Worse yet, now we’ve got the risks of all these new diseases. But -
golly, golly, gee -- the government is going to help. They’ve come up
with a voluntary program to register our farms and animals to protect
us and our animals from diseases. All good Americans will sign up.
Characteristically, the radio propaganda-speak beareth no
likeness to the truth. To prove that for yourself, visit
www.usda.gov/nais and click on the “Draft Strategic Plan” on the upper
right hand side.
FOOD SECURITY
We all know that there is no pandemic or epidemic now
sweeping through the livestock population would demand such drastic
measures. If so, government’s first act wouldn’t be punching an ear tag
into every chicken they could catch. Any eighteen-year-old mother who knows
to hand testing a forehead for fever can tell you that tagging ears to fight
disease is ridiculous. No, during epidemics government agents kill the
infected animals and all animals in the herd. Then they spread out and test
neighbouring herds and destroy those that test positive.

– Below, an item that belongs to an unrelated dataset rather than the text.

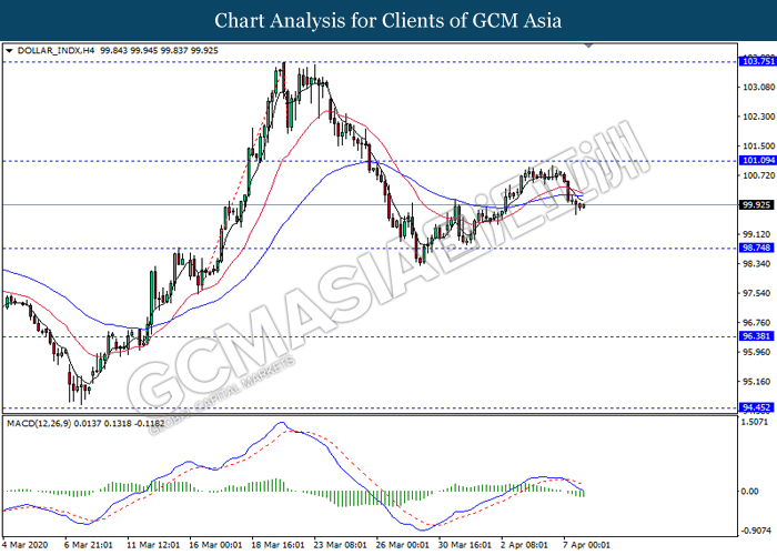 DOLLAR_INDX, H4: Dollar index was traded lower following prior retracement from the resistance level 101.10. MACD which illustrate bearish momentum signal with the formation of death cross suggest the dollar to extend its losses towards the support level 98.75.
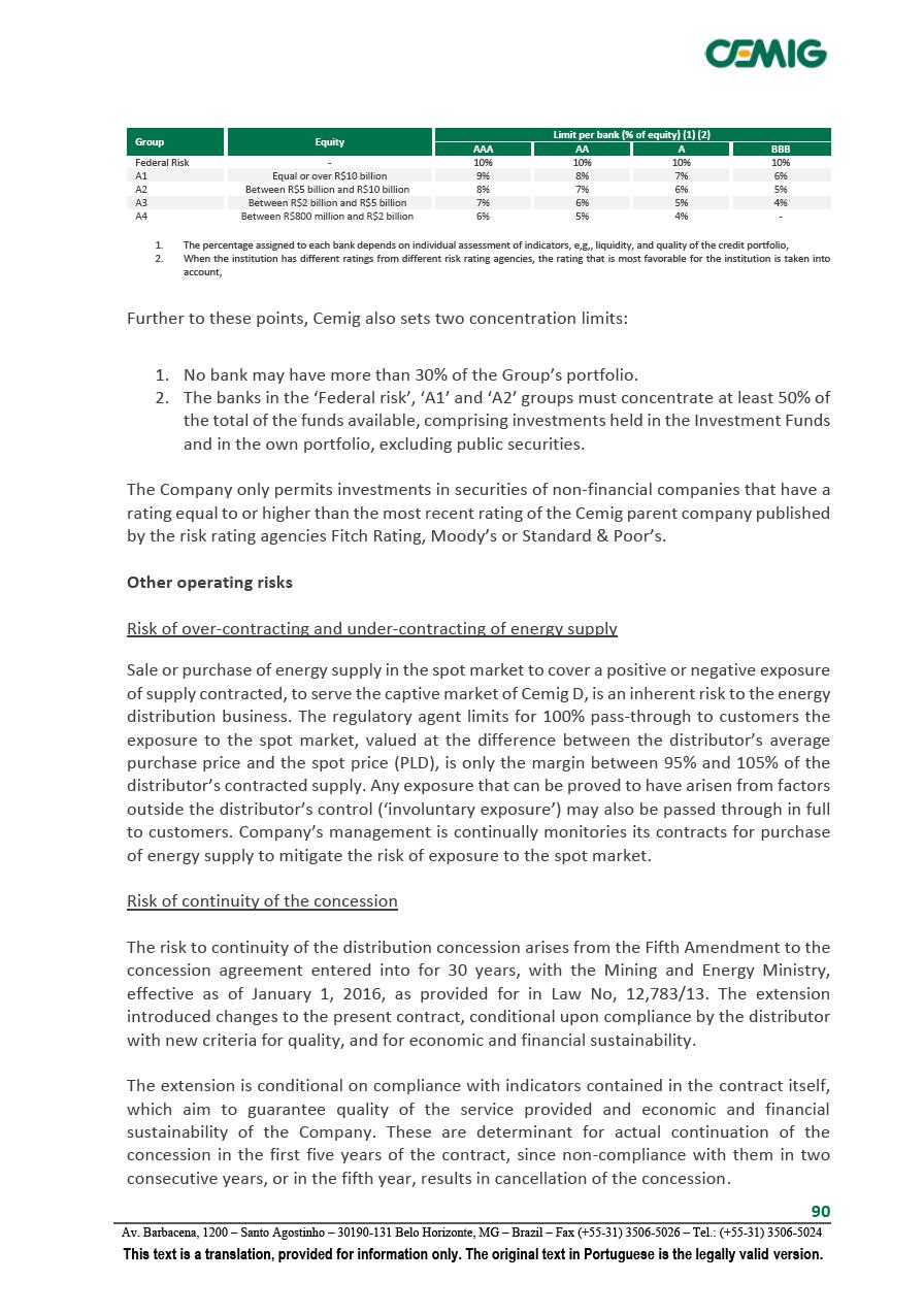 This report contains statements about expected future events and financial results that are forward-looking and subject to risks and uncertainties. Actual results could differ materially from those predicted in such forward-looking statements. Factors which may cause actual results to differ materially from those discussed herein include those risk factors set forth in our most recent Annual Report on Form 20-F filed with the Securities and Exchange Commission. CEMIG undertakes no obligation to revise these forward-looking statements to reflect events or circumstances after the date hereof, and claims the protection of the safe harbor for forward-looking statements contained in the Private Securities Litigation Reform Act of 1995.

IF THEY’RE NOT FIGHTING DISEASE, THEN WHY NAIS?
Follow the money. Ask,
Cui bono? Who benefits?
Agribusiness lobbied the
USDA to create a system to protect them from legal liability if an epidemic
does break out. More, NAIS would protect agribusiness market share,
forestalling a public revulsion against their product by “confirming” that
only a few animals were sick, rather than not thousands. NAIS enables huge
agribusiness conglomerates that concentrate thousands of animals (and so
concentrate the chance for spreading diseases) to point their finger at
someone else.
Here’s the scenario:
-
People in Sheboygan get sick from something they ate.
-
It’s determined the meat came from a local fast food
joint.
-
That fast food joint gets its meat from ABC cow
factory.
-
ABC cow factory buys cows from XYZ feedlots.
-
Those feedlots had cows
numbered 1q10 through 1q500 in their possession and those cows came from
15 small farms in suburban Tempe.
-
Goodbye 15 small farms in suburban Tempe.
-
Hello scapegoat for fast food joint, slaughterhouse,
and feedlots.
To protect themselves these large corporations will
effectively to put small farmers out of business. Not only the program
costs (which fall on the farmer), but also the threat of fines and jail time
for not complying will drive small farmers off the land. At the same time,
NAIS sets up the same corporations as the only entities granted the
‘privilege’ to raise animals, since they, of course are the only ones who
can be trusted to follow such a plan to protect the “national herd.”
EXEMPTIONS?
But I’ve just got a few chickens and a horse. Not me,
right?
Wrong. The NAIS plans
provide no exemptions whatever. One chicken, one
horse, one cow, one sheep, one goat, one bison, one llama, one alpaca, one
turkey, one duck -- all must register, premises & animals.
GOODBYE PROPERTY RIGHTS
The NAIS abolishes private property rights in farms and
in animals. The NAIS, run by a branch of the USDA, considers “your” animals
to be not yours, but part of “the national herd.” Plainly, they are right.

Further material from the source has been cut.